Marc Beishon passed along this article, and I'd also direct you to this one. The FIDE General Assembly has awarded the Women's World Championship, scheduled for February of 2017, to Iran. This is not good.
One obvious objection that has been raised is the matter of the hijab: all women there, including guests who aren't Muslim, are forced to wear it. Another obvious objection is that Iran isn't seen as the friendliest nation in the world, especially to the West. Those objections have been raised, but rather than bother with them I'll offer a third that seems to me more fundamental.
Consider Israel, or perhaps Azerbaijan. Neither of the foregoing objections would apply to them (or so I'll say; if you disagree then just grant it for the moment for the sake of argument), yet they are also unsatisfactory venues for a world championship event. The reason is that in both cases there will be players who can't go: players from some Islamic countries can't play in Israel, while Armenians (e.g. Levon Aronian) can't play in Azerbaijan (or if they do they will feel extremely uncomfortable).
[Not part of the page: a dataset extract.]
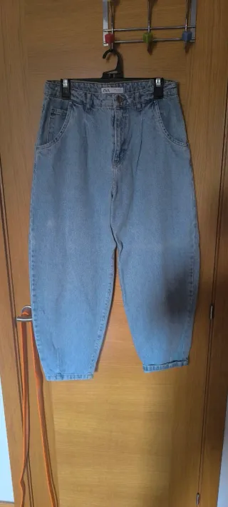 Pantalón vaquero estilo The Baggy de Zara. - Corte recto y holgado. - Tiro alto. - Cierre de cremallera y botón.

Maybe you stand behind Israel or Azerbaijan 100% in both cases. That's fine. Even so, it isn't fair to the players. They are the ones who qualified, and it is for their sake that the event exists. FIDE can always authorize and even encourage events in Iran, Israel, and Azerbaijan, but these are not suitable places for world championship events. This should be blindingly obvious to FIDE, but FIDE's track record hasn't offered much evidence of 20/20 vision at the helm, at least not in the last 30+ years.